→ DATA TO USE

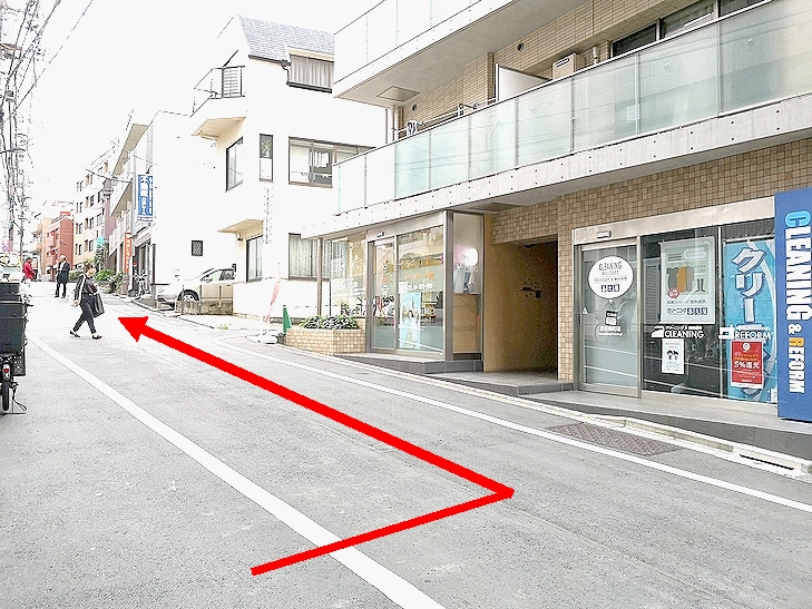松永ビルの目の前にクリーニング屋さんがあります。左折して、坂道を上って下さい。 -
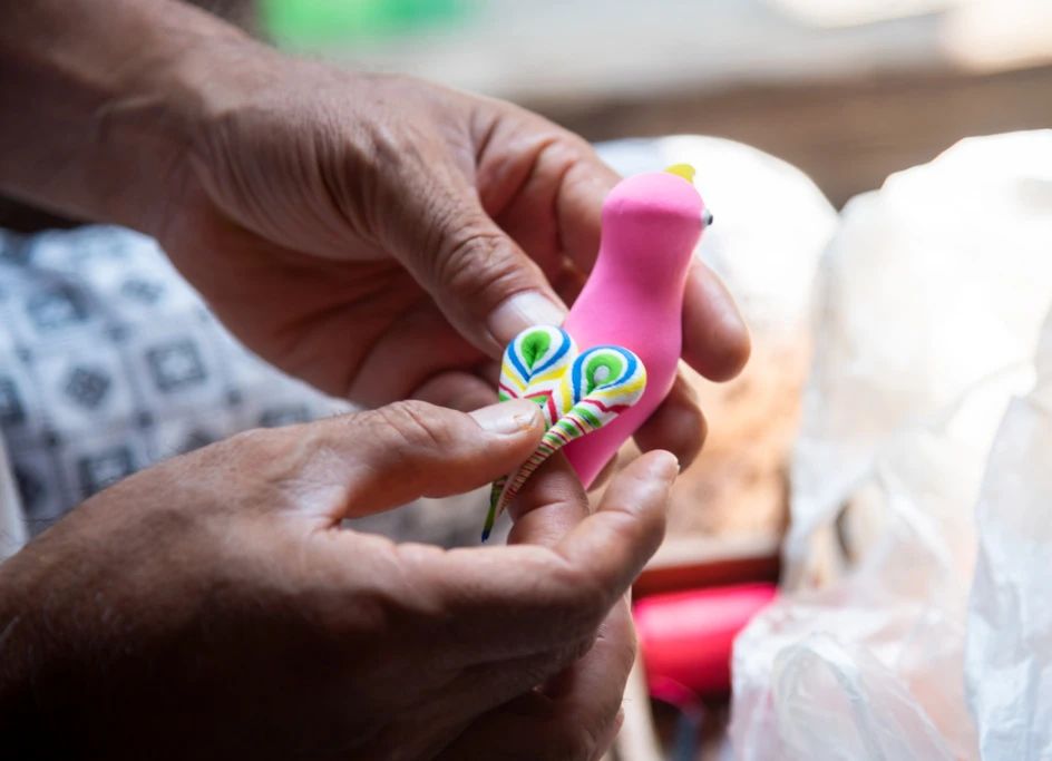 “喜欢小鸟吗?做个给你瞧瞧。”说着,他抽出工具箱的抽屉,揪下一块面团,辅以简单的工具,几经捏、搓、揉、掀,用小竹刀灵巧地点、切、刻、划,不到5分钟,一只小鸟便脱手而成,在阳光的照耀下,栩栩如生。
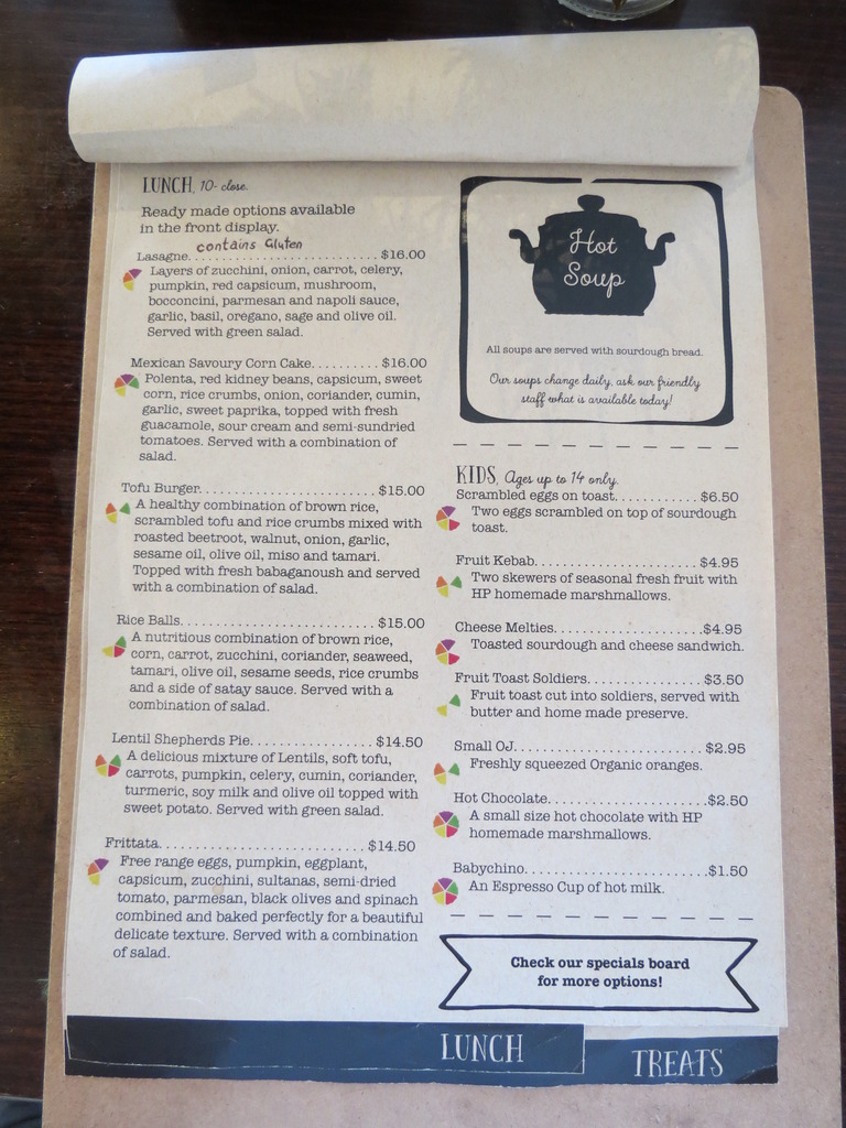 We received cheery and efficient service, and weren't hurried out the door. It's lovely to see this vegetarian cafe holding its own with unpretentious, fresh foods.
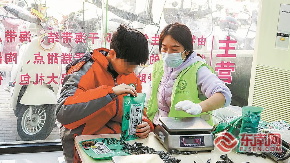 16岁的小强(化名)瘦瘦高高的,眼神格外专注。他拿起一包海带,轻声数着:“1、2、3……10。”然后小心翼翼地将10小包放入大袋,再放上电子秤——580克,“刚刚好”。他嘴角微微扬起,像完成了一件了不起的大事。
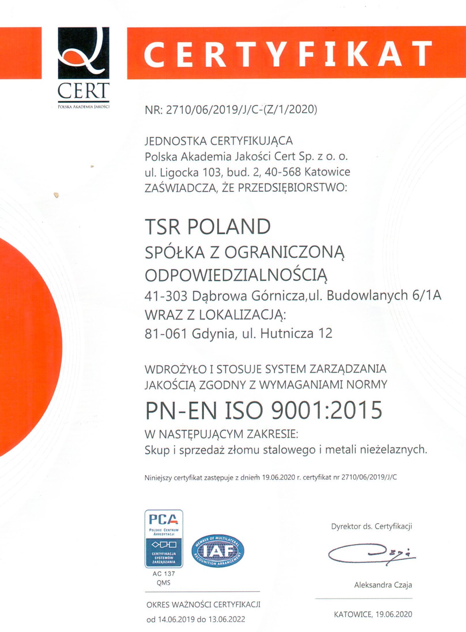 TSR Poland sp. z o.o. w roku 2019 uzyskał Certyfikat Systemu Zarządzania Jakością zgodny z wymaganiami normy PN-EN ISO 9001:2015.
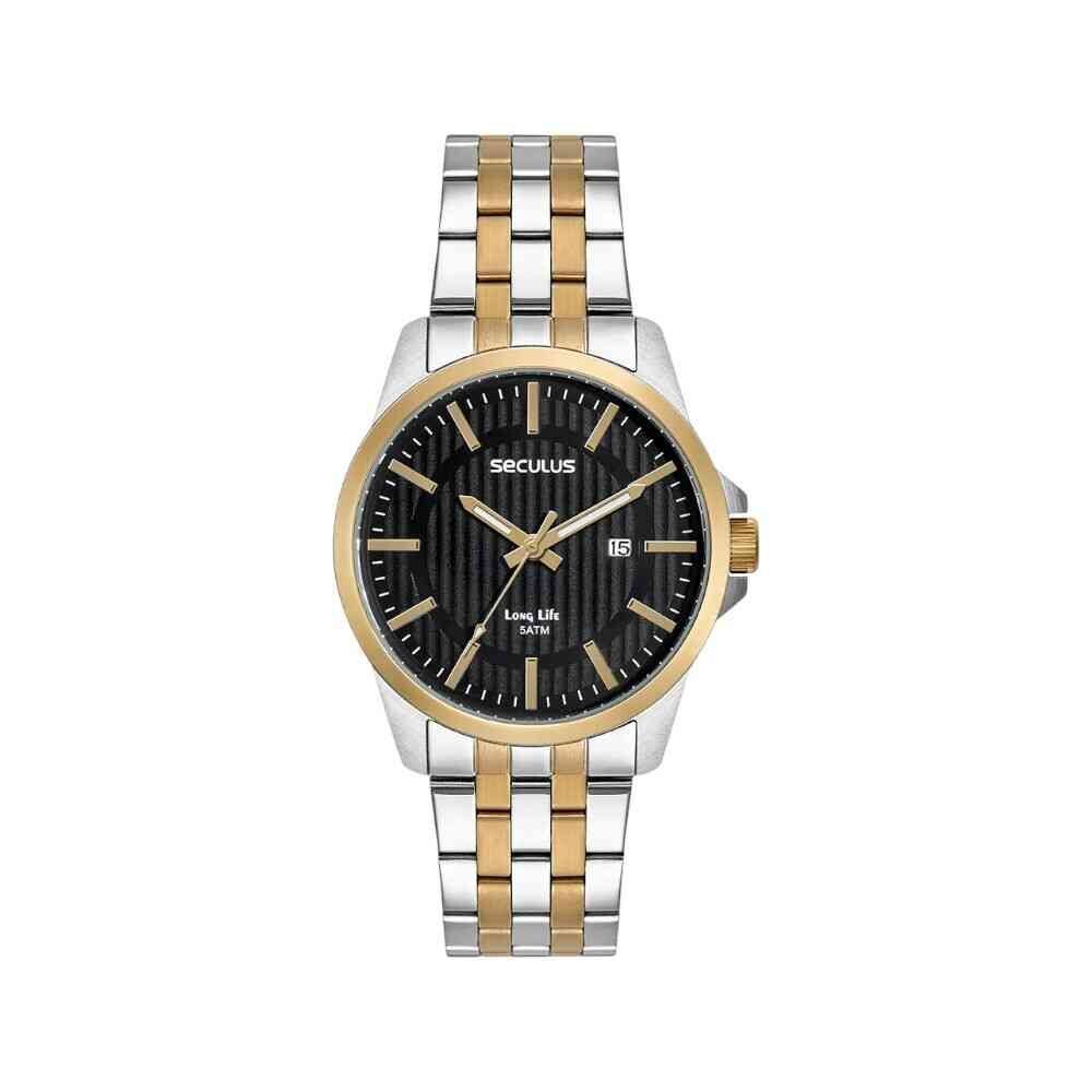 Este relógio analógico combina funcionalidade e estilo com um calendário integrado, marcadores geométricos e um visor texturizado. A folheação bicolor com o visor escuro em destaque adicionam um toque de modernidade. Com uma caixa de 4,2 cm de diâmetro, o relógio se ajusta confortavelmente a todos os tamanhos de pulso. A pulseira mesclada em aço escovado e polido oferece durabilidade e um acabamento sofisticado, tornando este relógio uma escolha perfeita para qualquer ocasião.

→ TASK DIRECTIONS
Set down exactly the lines of the entries above from the one holding "TSR Poland sp." through the last one, including both, with the pictures left out.

→ TASK OUTPUT
 TSR Poland sp. z o.o. w roku 2019 uzyskał Certyfikat Systemu Zarządzania Jakością zgodny z wymaganiami normy PN-EN ISO 9001:2015.
 Este relógio analógico combina funcionalidade e estilo com um calendário integrado, marcadores geométricos e um visor texturizado. A folheação bicolor com o visor escuro em destaque adicionam um toque de modernidade. Com uma caixa de 4,2 cm de diâmetro, o relógio se ajusta confortavelmente a todos os tamanhos de pulso. A pulseira mesclada em aço escovado e polido oferece durabilidade e um acabamento sofisticado, tornando este relógio uma escolha perfeita para qualquer ocasião.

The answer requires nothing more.